I suppose there could be several reasons. 

For a guy, the thrill of the chase, sex addiction, addicted to wooing and seducing, the challenge of getting away with it and feeling special about that... as many as one can think of. 

But in the end there are certain facts- total selfishness, inability to be trusted, inability to really love another single person...

My personal belief (backed by one professional study I have read) is that for whatever their reasoning most people who betray do so with an addictive behavior. As such, it tends to make true the two statements that "once a betrayer, always a betrayer" and that some people have the propensity to betray and others do not. 

That is not to say that only those with such propensity can or will betray, but that it is the way many people handle stress in their life. Some people drink, some melt down, some take drugs, some betray... Not that it serves as a ready excuse, but it is their nature as a person. 

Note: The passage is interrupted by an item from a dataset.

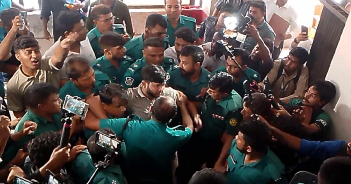 এরপর, এজলাসে তোলার পর শুনানিতে রাষ্ট্রপক্ষ তার ৭ দিনের রিমান্ড মঞ্জুর চেয়ে শুনানি করেন। আসামি পক্ষের আইনজীবীরা তার রিমান্ড বাতিল ও জামিন চেয়ে শুনানি করেন। উভয়পক্ষের শুনানি শেষে আদালত তার এ রিমান্ড মঞ্জুর করেন।

As to the 'once a betrayer, always a betrayer', (again, this applies to the vast majority, but not 100%), as it is an addictive behavior it is similar to an alcoholic. An alcoholic will tell you that even if they stay on the wagon for decades, they are still an alcoholic due to the propensity from within. An addictive trait betrayer has the exact same propensities due to such addiction that is a part of them. They may never in fact betray again, but that addictive propensity remains alive within them forever.

AGAIN, this does not describe 100% but for the strong majority.


----------



## TryingToRecover (Dec 19, 2012)

thatbpguy said:


> I suppose there could be several reasons.
> 
> For a guy, the thrill of the chase, sex addiction, addicted to wooing and seducing, the challenge of getting away with it and feeling special about that... as many as one can think of.
> 
> ...


:iagree:

My WS has ALWAYS displayed addictive personality traits. Three of my four grandparents were/are alcoholics, my dad was an alcoholic, mom is now an abstaining drug addict, my first husband is an alcoholic. 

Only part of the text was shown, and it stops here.